Bu nedenle, sözlerimin başında da ifade ettiğim gibi, vakfedenin akar ve hayrat dengesine azami hassasiyet göstererek vakıflarımızı ve vakıf alanlarımızı korumalıyız. Sadece cami alanlarında değil, bütün alanlarda bu hassasiyeti göstermediğimiz takdirde korkarım ki vakıf gayrimenkullerimiz işgale uğrar. Zaten bu hassasiyetin gösterilmemesi nedeniyle cumhuriyetin ilk yıllarından bu yana, gerek planlı gerekse de plansız, vakıf gayrimenkulleri işgale tabi tutulmuştur. Her alanda olduğu gibi bu alanda da yapılan yanlış uygulamaları düzeltmek, iyileştirmek ve vakfedenin rızasına uygun hâle getirmek de AK PARTİ iktidarına nasip olmuştur. 2004 yılında çıkarılan kanunla vakıf yerleri işgal altından arındırılmış ve vakıflar lehine muazzam bir gelir kapısı açılmıştır.
2002 yılında Vakıflar Genel Müdürlüğünün geliri -dikkatinizi çekiyorum sayın milletvekillerimiz- 30 milyon TL idi. Enflasyon oranında hiçbir artış olmamasına rağmen, 2012 yılında Vakıfların geliri 350 milyon liraya çıkmıştır, yaklaşık 12 katı. Bu rakama ulaşabilmek için eldeki gayrimenkuller en verimli şekilde yatırıma dönüştürülmüş ve işgalden arındırılmıştır. Bu başarı, vakfedenin iradesine gösterilen ihlaslı samimiyetin sonucudur. Vakıf yöneticileri ve aynı zamanda vakıf kullanıcıları bu samimiyeti göstermedikleri takdirde korkarım ki vakfın manevi sorumluluğundan kaçamayacaklardır. Bu hassasiyet sadece gelir getirmek noktasında kalmamalı, aynı zamanda hayır şartlarının yerine getirilmesinde de gösterilmelidir. Bu çerçevede, Vakıflar 2002 yılından bugüne kadar 3.750 vakıf eserinin restorasyonunu tamamlamıştır ve bununla da kalmamış, 5 bin muhtaç aileye maaş, 15 bin öğrenciye burs ve 20 bin aileye de gıda yardımı yapmıştır.

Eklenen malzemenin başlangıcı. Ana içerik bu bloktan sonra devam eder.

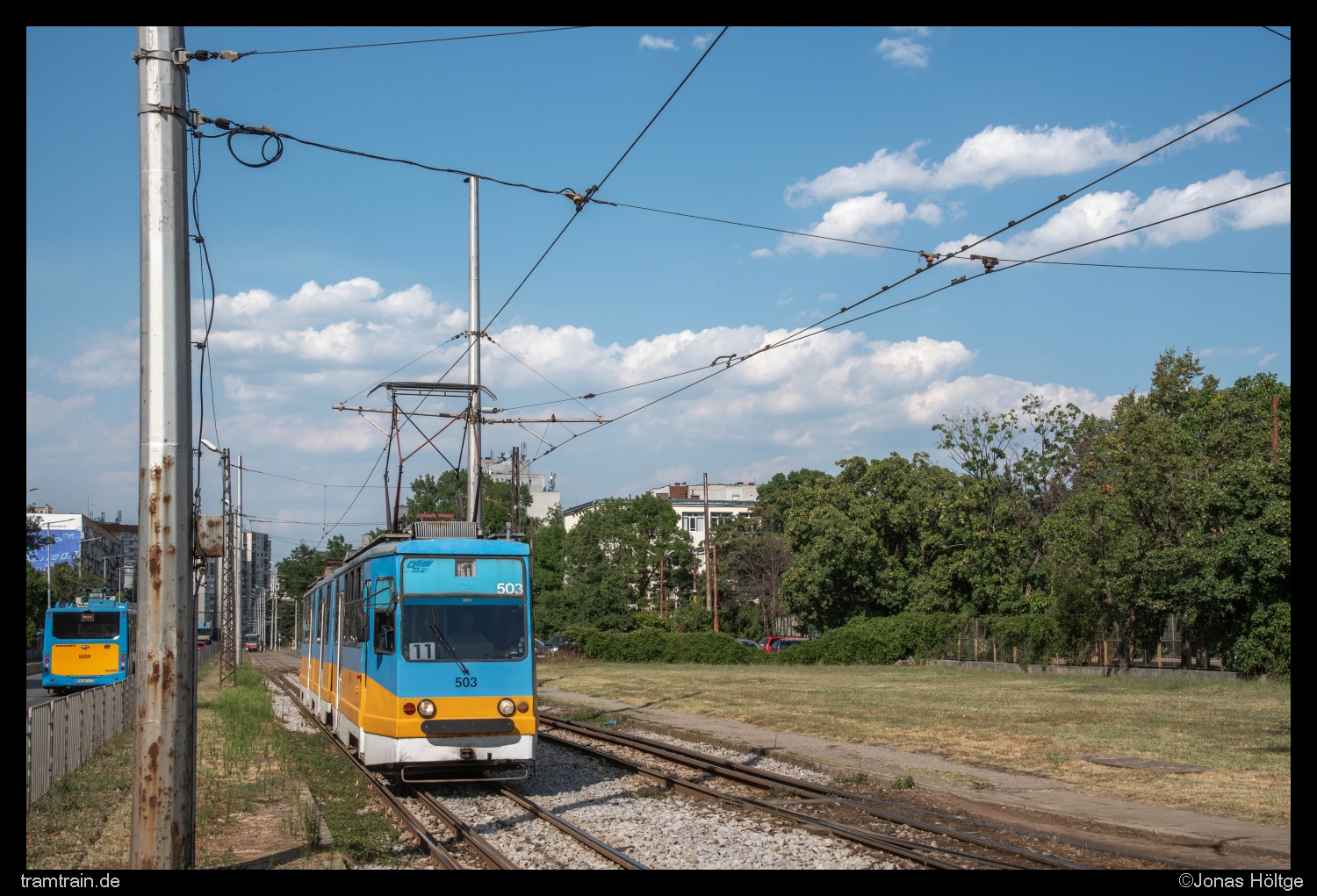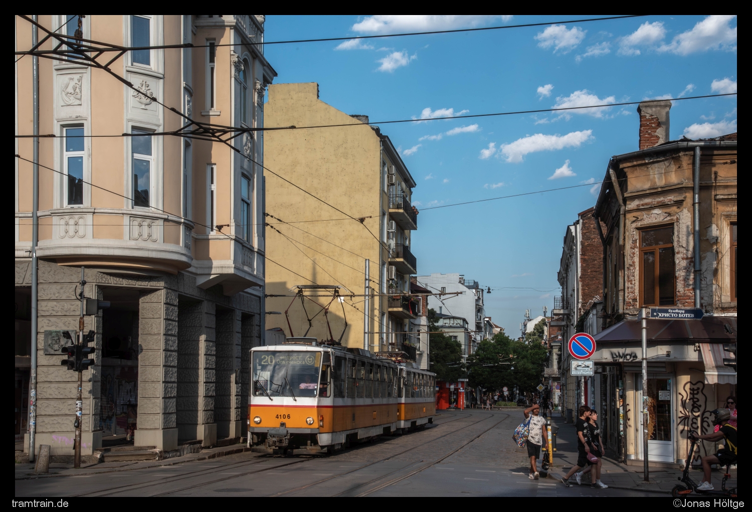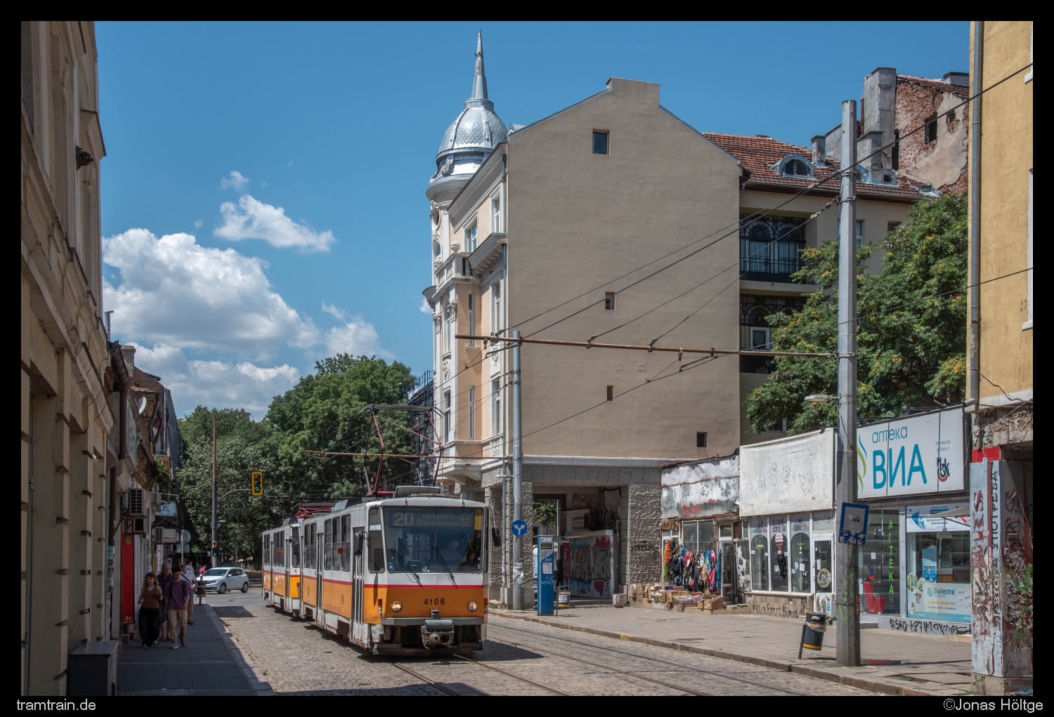 Weiter wollte ich der Linie 10 erstmal nicht folgen. Daher ging es zurück zur Hauptachse und dort bis zur nächsten Station weiter. Schon aus der Ferne hatte ich gesehen, dass es hier bereits die nächste Querachse der Straßenbahn gab. Auf dem Weg die Straße herunter kreuzte auch ein erstes T6A5-Doppel in der auffälligen Prager Lackierung die Straße, wodurch mit klar wurde, dass es sich bei der Querachse um die Regelspurstrecke handeln musste, die einmal quer durch die Stadt verläuft. Somit würde ich zumindest direkt zwei weitere neue Fahrzeugserien mit den auf den Regelspurlinien verkehrenden T6A5 und T6B5B ablichten können. Daher gab es in den nächsten Minuten einige Bilder zwischen der an der Kreuzung liegenden Station Bul. Hristo Botev und der auf den Regelspurlinien 20, 21 und 22 folgenden Station Zhenski pazar. Da die Linien kombiniert fast im 5-Minuten-Takt verkehrten, ging das Fotografieren in einer dichten Taktung von Statten.

Hülasa olarak, Meclis araştırması yapılması istenen konu çerçevesinde şunu ifade etmek mümkündür: Vakıflar Genel Müdürlüğü, bütün konularda olduğu gibi meşruta konusunda da vakfedenin iradesine azami hassasiyet göstermektedir. Bütün bunlara rağmen, bu sistem içerisinde mağduriyete uğramış din görevlilerimiz varsa bunların mağduriyetinin giderilmesi de Vakıflar Genel Müdürlüğünün sorumluluğu içerisindedir; bunun için azami gayret gösteriyor ve bundan sonra da gösterecektir.
Bu nedenle, sözlerime son verirken verilen Meclis araştırması önergesine karşı olduğumuzu bu vesileyle tekrar ediyor, yüce heyetinizi saygıyla selamlıyorum. (AK PARTİ sıralarından alkışlar)
BAŞKAN - Teşekkür ederim Sayın Öz.
İHSAN ÖZKES (İstanbul) - Sayın Başkan?
BAŞKAN - Cumhuriyet Halk Partisi Grubu önerisi üzerinde üçüncü konuşmacı?
İHSAN ÖZKES (İstanbul) - Sayın Başkanım, lütfen?
BAŞKAN - Buyurun.
İHSAN ÖZKES (İstanbul) - Anlattıklarıma sayın konuşmacı yanlış anlam yükledi. Dolayısıyla düzeltmem lazım. İstirham ediyorum.
ÖMER FARUK ÖZ (Malatya) - Gayet doğru anlam yükledim.